Prompt: Could you write out, exactly, every line from the top of the data through the line holding "חסה, עגבנייה, מלפפון, בצל, גזר"? Omit the pictures.

Data for this task:
· · · ·
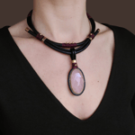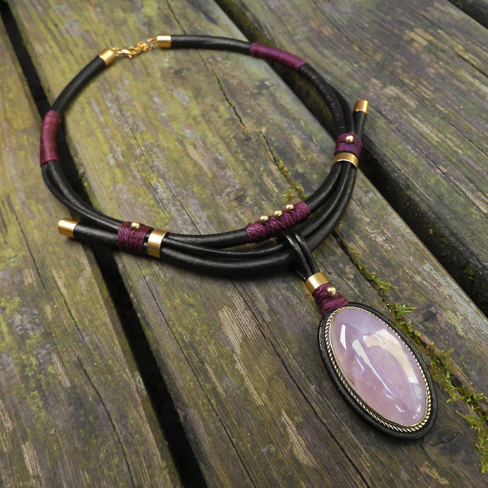 -> Featuring a beautiful pink quartz stone pendant using leather, all raw brass, and waxed cord. Stone is 4.5×2.5cm.
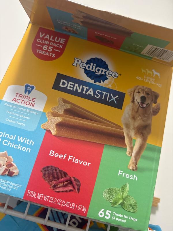 - - Contains one (1) 2.08 lb. 40-count pack of PEDIGREE DENTASTIX Original Flavor Treats for Large Dogs
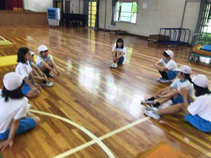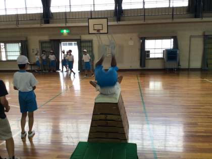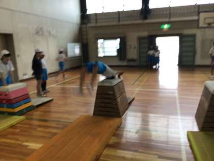 最後の跳び箱の授業でした。班同士で発表をしました。「誰の技が美しかったか」をテーマに、発表後は話し合いました。
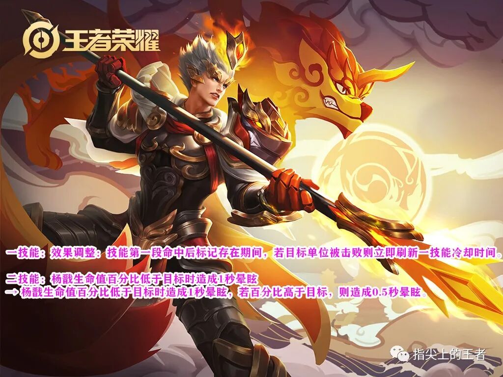 杨戬在经历了n次加强之后,终于加强了一些比较实用的内容,简而言之,1技能标记的目标不论以哪种方式死亡,都会重新刷新1技能的cd,而2技能不论敌方在什么状态,都能触发至少0.5秒的晕眩,如果敌方血量高于自己,最高1秒晕眩。
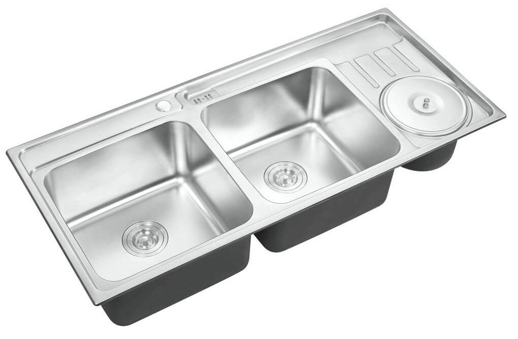 Chậu rửa bát Canzy CZ-1150 với kích thước sản phẩm R1100 x S500 x C230 mm với độ dày 0.8 mm cùng lòng chậu sâu 228mm giúp nước không bị bắn lên trong quá trình rửa chén. Ngoài ra, chậu rửa chén hai ngăn nhờ sự kết hợp giữa bộ xả thông minh ngăn và khử mùi cực kì hiệu quả, cùng với công nghệ hút ẩm độc đáo giúp giảm thiểu các âm thanh và tiếng vang thoát ra từ chén dĩa hay tiếng nước chảy.
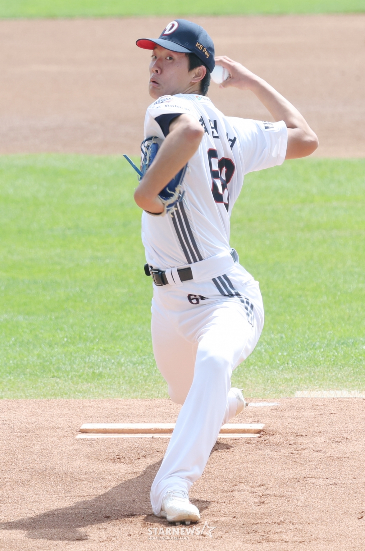 Choi Min Seok người bắt đầu Doosan đang ném bóng ngược lại.
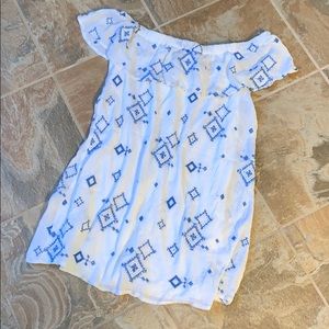M off shoulder summer Dress white with blue detail
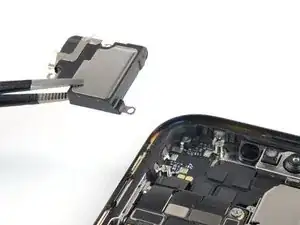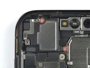 Используйте крестовую отвёртку, чтобы удалить два винта длиной 1,6 мм, удерживающих динамик слухового отверстия.
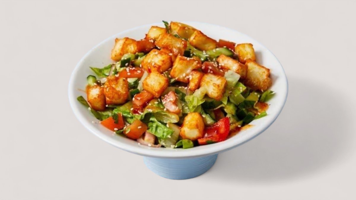 חסה, עגבנייה, מלפפון, בצל, גזר מגורד, וקוביות חלומי מטוגנות, שבריי אגוזי מלך
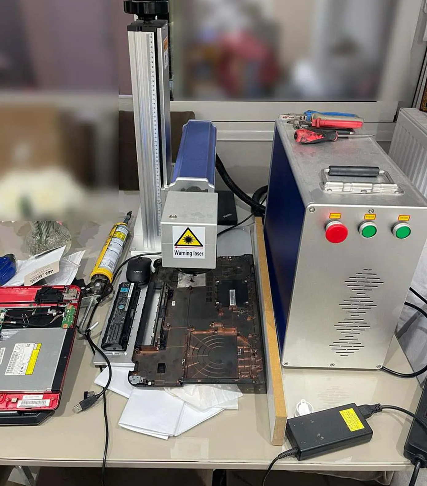 - ειδικό μηχάνημα χάραξης (laser) χαρακτηριστικών σε σκληρά αντικείμενα που χρησιμοποιείτο για χαράξεις επωνυμιών και σειριακών αριθμών όπλων, συνοδευόμενο με υπολογιστή,
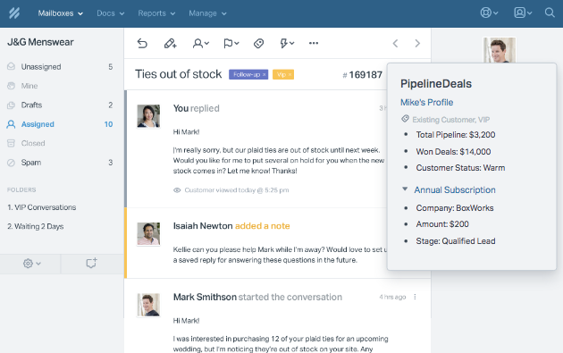 Once installed, the Pipeline app for Help Scout will automatically sync data between your Pipeline and Help Scout accounts, helping to build out and manage your business's customer base. The app also displays a customer's current pipeline value, overall lifetime value and status - as well as up to three deals & their key data points: company name, deal value, pipeline stage and expected close date. Check out the snapshot below of how it will appear below in Help Scout:
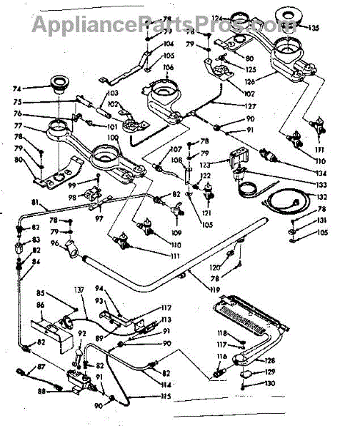 Parts for Kenmore 103.7426701 (1037426701, 103 7426701): Burner Section Parts
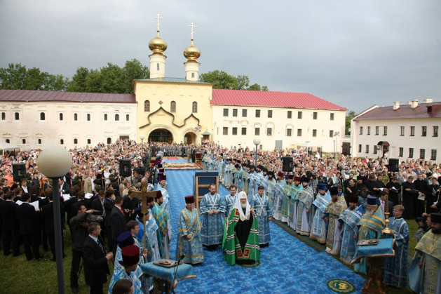 Начинается крестный ход. Его возглавляют Святейший Патриарх Алексий и митрополит Герман. Святыню в бронированной капсуле несут представители духовенства в голубых облачениях, традиционных для Богородичных праздников. Благолепие празднику придают несколько мужских и женских хоров.
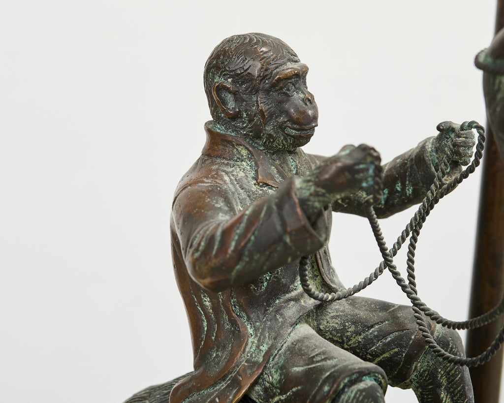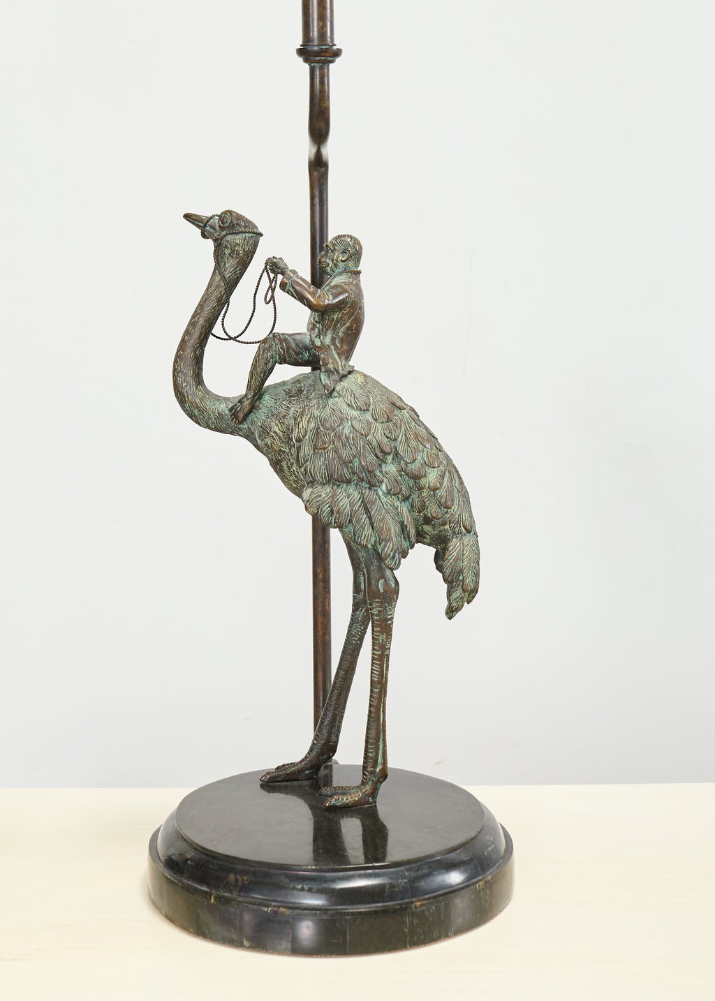 Pair of Maitland-Smith Bronze Monkey Ostrich Table Lamps
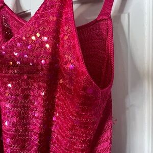 Boston Proper Sequin V-Neck Sweater Tank Fuchsia Purple Top
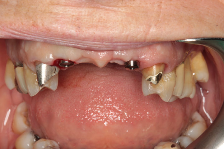 Applicazione di monconi in titanio, che sporgono dalla gengiva e fungono da base per la corona o la protesi
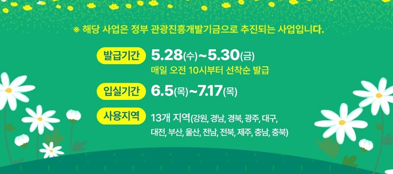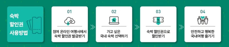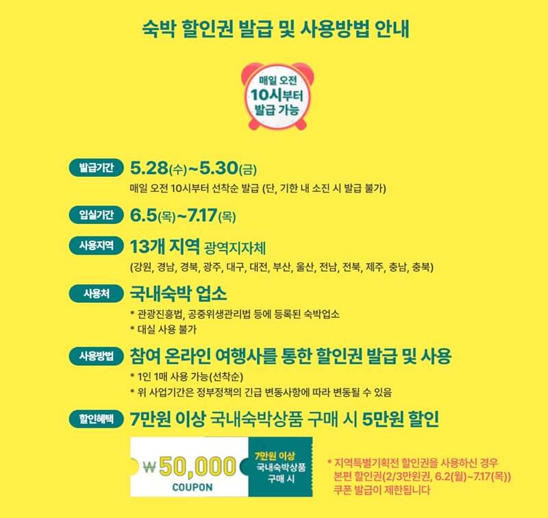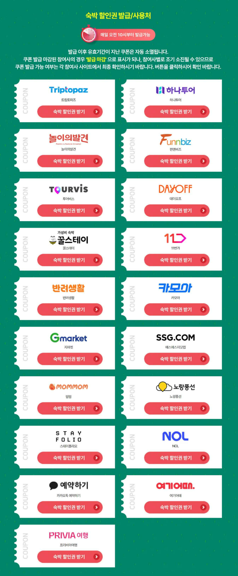 숙박 할인권 발급처는 노랑풍선, 여기 어때, 프리비아여행, 꿀스테이, 데이오프, 펀 앤 비즈, 스테이폴리오, 맘맘, 11번가, 트립토파즈, 카카오톡예약하기, 반려생활, 투어비스, 놀이의 발견, NOL, 카모아, 에스에스지닷컴, 지마켓, 하나투어 등이 참여하기 때문에 평소에 내가 이용해 왔던 사이트에서 발급받으면 된다.
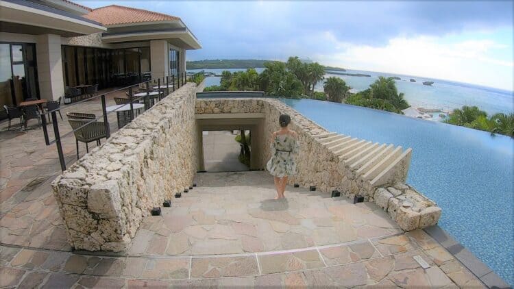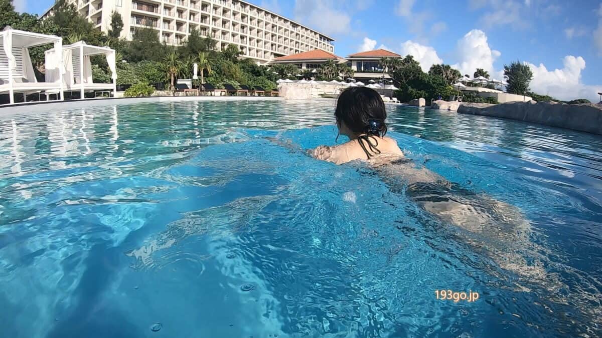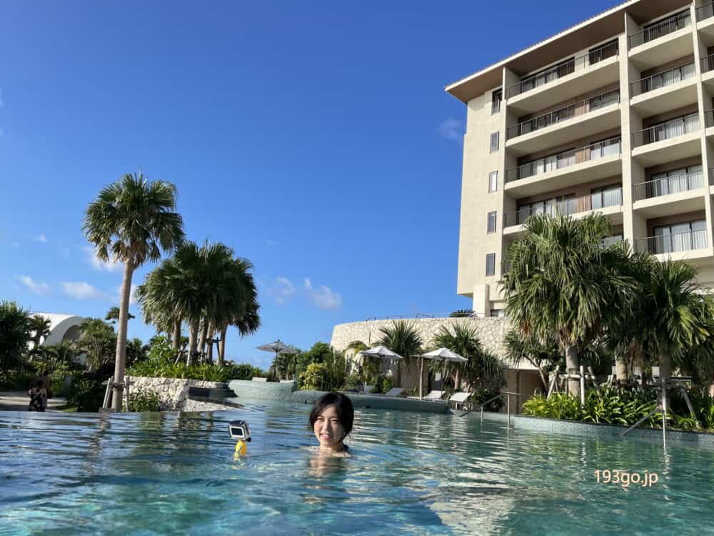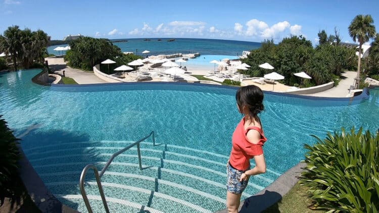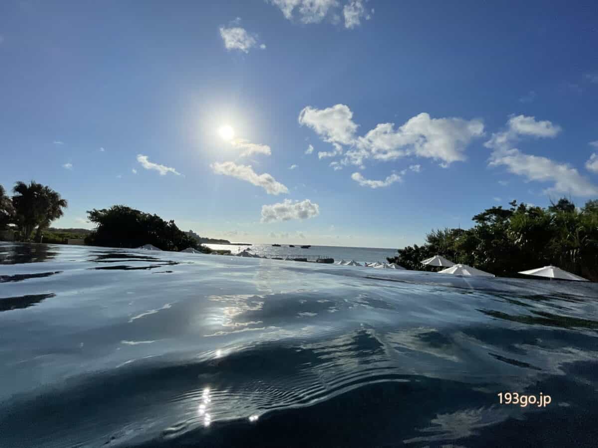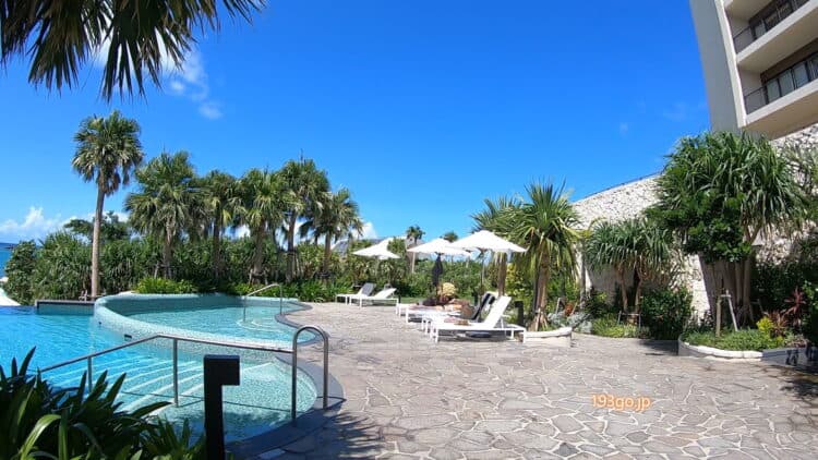 ホテル内にはインドアプールと、屋外にグスクプールと、海水を用いたラグーンがあり、向こうに見える海まで続くような、インフィニティー空間
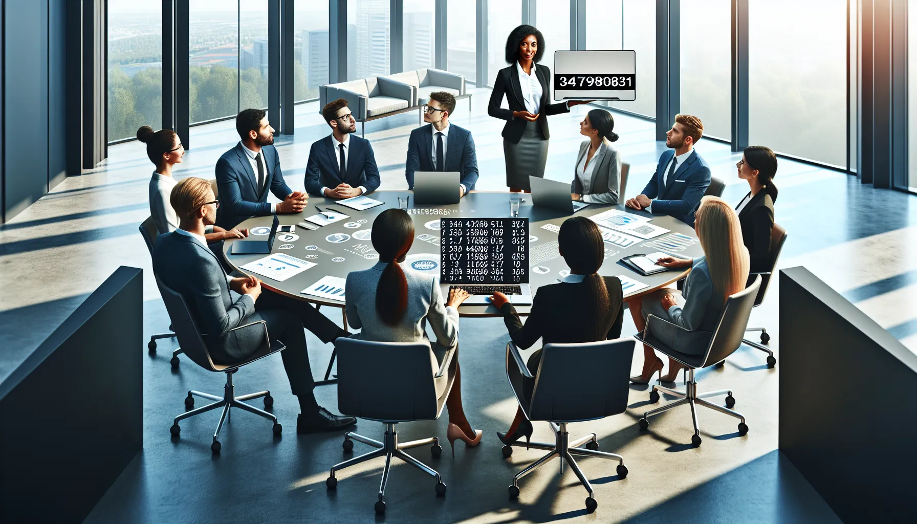 diverse professionals discussing personal relationships and numbers in a modern office.
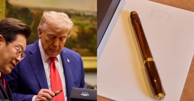 실제로 정상회담 현장에서 트럼프 대통령은 이 대통령이 방명록을 작성하는 모습을 유심히 바라보다 “그 펜이 마음에 든다. 두께가 아름답다”며 관심을 보였다. 이어 “그 펜을 가져가도 되느냐”고 묻자 이 대통령이 웃으며 손짓으로 허락하는 장면이 포착되기도 했다. 트럼프 대통령이 평소에도 두꺼운 수성펜을 즐겨 쓰는 것으로 알려지면서 화제가 더 커졌다.
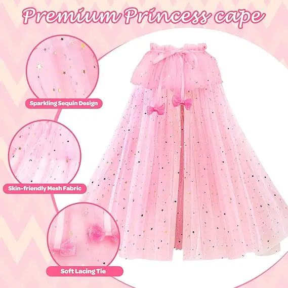 ·Comfortable & Sparkling Cape:Shylizard princess costume for girls is made of soft and comfortable sheer mesh fabric, which provides a gentle touch on skin, making it comfortable to wear. Ribbon with bow design can prevent the cape slipping off during your girls' play time.What's more, this cape features sparkling design of star and moon sequins, every girl who wants to be a princess will love it!
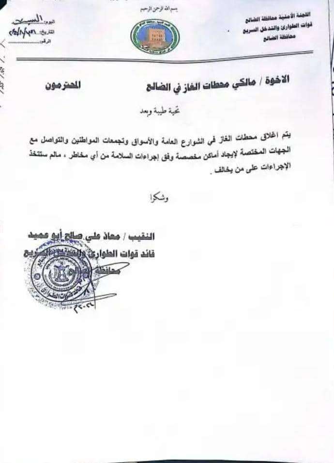 طوارئ اللجنة الأمنية بالضالع تصدر تعميم لمالكي محطات الغاز.
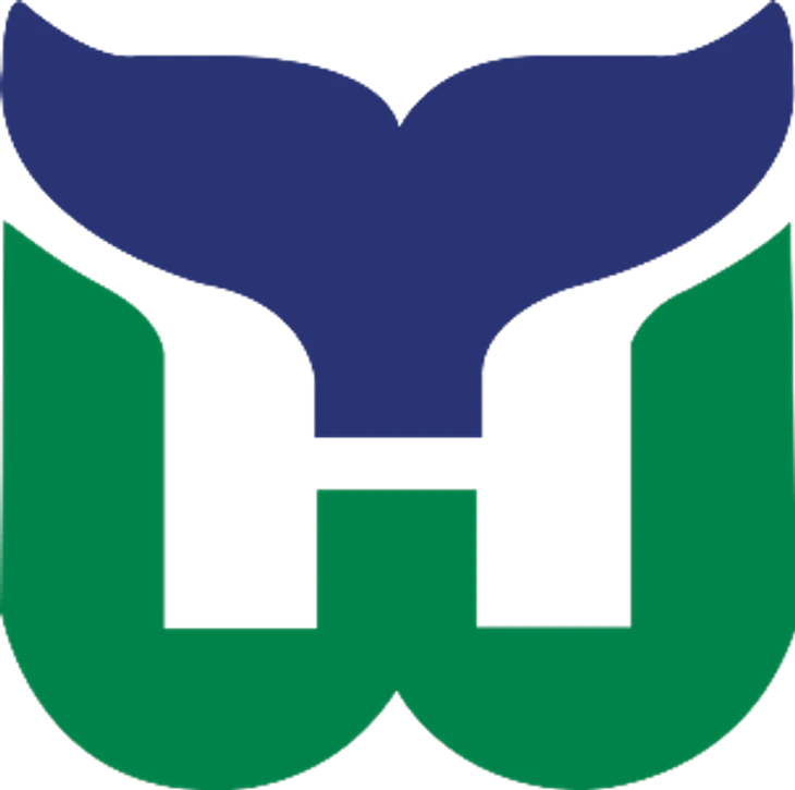 Логотип «Хартфорд Уэйлерс», используемый с 1979-й по 1992-й. Он объединяет зеленую букву «W», напоминающую трезубец, с хвостом синего кита, две эти фигуры по центру создают букву «H». «W» обозначает Whalers, а «H» обозначает Hartford. Логотип был обновлен в 1992-м небольшим затемнением цветов и добавлением серебряного контура
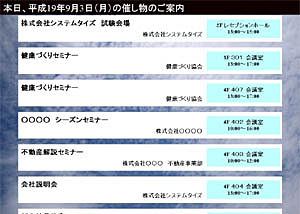 催事情報データベースと連携した、液晶ディスプレイに案内表示。
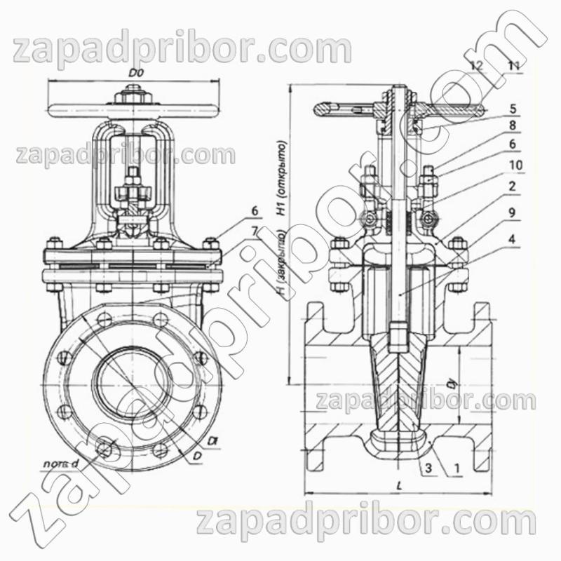 1. Корпус: сталь 25Л, 35Л; 2. Крышка: сталь 25Л, 35Л; 3. Клин (диски): сталь25Л,35Л с наплавкой, 20Х13;
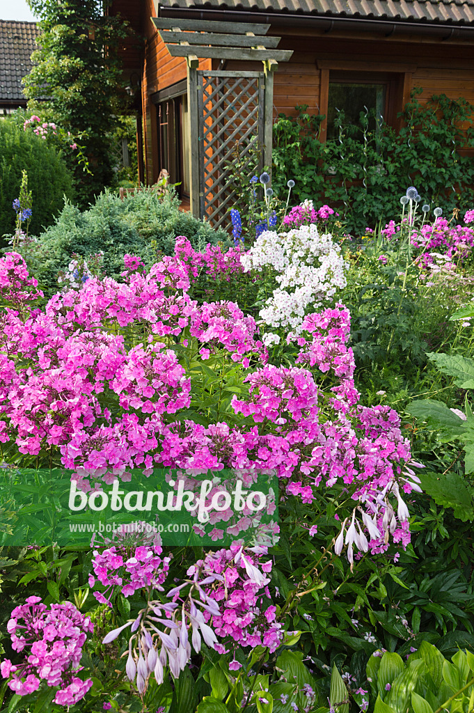 Phlox paniculé (Phlox paniculata) devant un abri de jardin
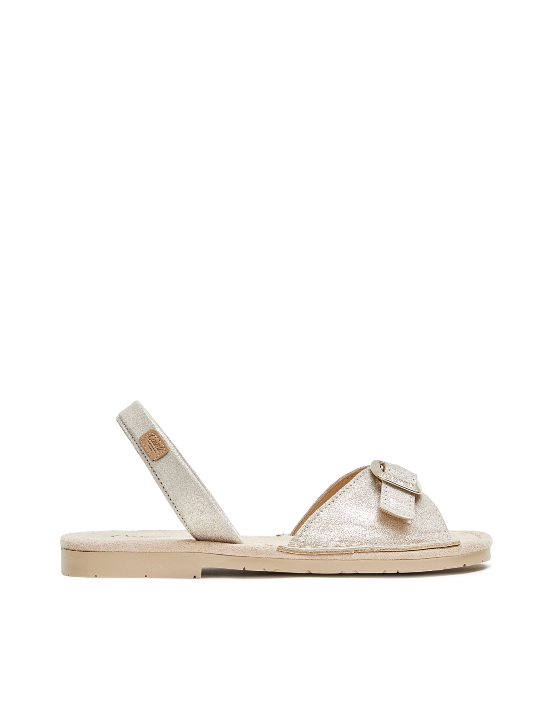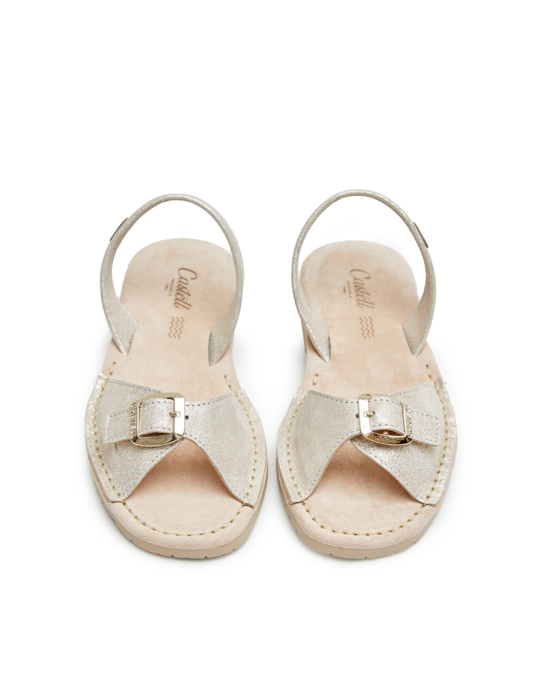 Abarca daurada amb sivella i plantilla encoixinada, còmoda i elegant.
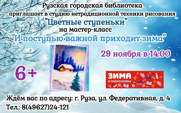 29 ноября в студии нетрадиционной техники рисования «Цветные ступеньки» Рузской городской библиотеки состоится мастер-класс «И поступью важной приходит зима». Начало в 14 часов.
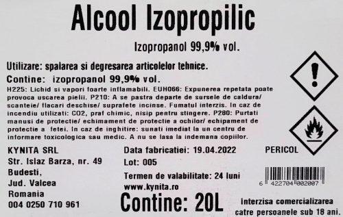 Изопропанол (изопропилов алкохол), 99%чистота, 20 литра
· · · ·
Exercise result:
 -> Featuring a beautiful pink quartz stone pendant using leather, all raw brass, and waxed cord. Stone is 4.5×2.5cm.
 - - Contains one (1) 2.08 lb. 40-count pack of PEDIGREE DENTASTIX Original Flavor Treats for Large Dogs
 最後の跳び箱の授業でした。班同士で発表をしました。「誰の技が美しかったか」をテーマに、発表後は話し合いました。
 杨戬在经历了n次加强之后,终于加强了一些比较实用的内容,简而言之,1技能标记的目标不论以哪种方式死亡,都会重新刷新1技能的cd,而2技能不论敌方在什么状态,都能触发至少0.5秒的晕眩,如果敌方血量高于自己,最高1秒晕眩。
 Chậu rửa bát Canzy CZ-1150 với kích thước sản phẩm R1100 x S500 x C230 mm với độ dày 0.8 mm cùng lòng chậu sâu 228mm giúp nước không bị bắn lên trong quá trình rửa chén. Ngoài ra, chậu rửa chén hai ngăn nhờ sự kết hợp giữa bộ xả thông minh ngăn và khử mùi cực kì hiệu quả, cùng với công nghệ hút ẩm độc đáo giúp giảm thiểu các âm thanh và tiếng vang thoát ra từ chén dĩa hay tiếng nước chảy.
 Choi Min Seok người bắt đầu Doosan đang ném bóng ngược lại.
M off shoulder summer Dress white with blue detail
 Используйте крестовую отвёртку, чтобы удалить два винта длиной 1,6 мм, удерживающих динамик слухового отверстия.
 חסה, עגבנייה, מלפפון, בצל, גזר מגורד, וקוביות חלומי מטוגנות, שבריי אגוזי מלך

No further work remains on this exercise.